Now entering its second century, the American Association of University Women (AAUW) is recognized and regarded for its support of research on a variety of important social issues such as:

 

  • sex discrimination
  • alcoholism
  • child abuse
  • mental health
  • civil rights
  • affirmative action
  • prison reform

And all through its history, the AAUW has played a significant role in the advancement of women's rights, the enrichment of higher education, and the shaping of public policy. The archival records of the organization constitute one of the most complete collections available that provides an in-depth view of women's achievements.

This collection includes correspondence, historical documents, and detailed surveys tracing the progress of the AAUW from inception to 1976. Chronicled are the AAUW's attempt to secure equal opportunities for women in the academic community, their support of legislation for the betterment of society, and efforts to improve education at all levels.

Published from the holdings of the AAUW National Archives in Washington, D.C., this collection is a rich resource for institutions with programs in the areas of women's history, education, minority rights, political science, lobbying, and international relations.

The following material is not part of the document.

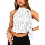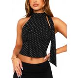 Black Off The Shoulder Halter High Mock Neck Going Out Tops for Women: Cute rave top bow tie sleeveless crop tank top with scarf; party night out club tops sexy concert outfit y2k crop tops fitted elegant tops summer cami shirts

With this collection, students and scholars can now study:

 

  • the history of women's status in education and work-related fields
  • issues of world consequence covered by the AAUW research reports
  • important social legislation and the part women played in its passage
  • women's accomplishments in education and other fields over the course of the past century

The collection also features the personal papers of Ida H. Hyde (1867-1947), prominent scientist, educator, and AAUW member. Her diaries recount the struggles faced by a career-oriented 19th-century woman. How Hyde overcame the obstacles of unjust treatment, unequal pay, and the unwillingness of her male colleagues to accept her are illustrated in a personal glimpse of a woman ahead of her time.

  • Content Type: American Association of University Women: Archives, 1831-1976; A Guide to the Microfilm Edition, edited by Barbara A. Sokolosky. Free with collection.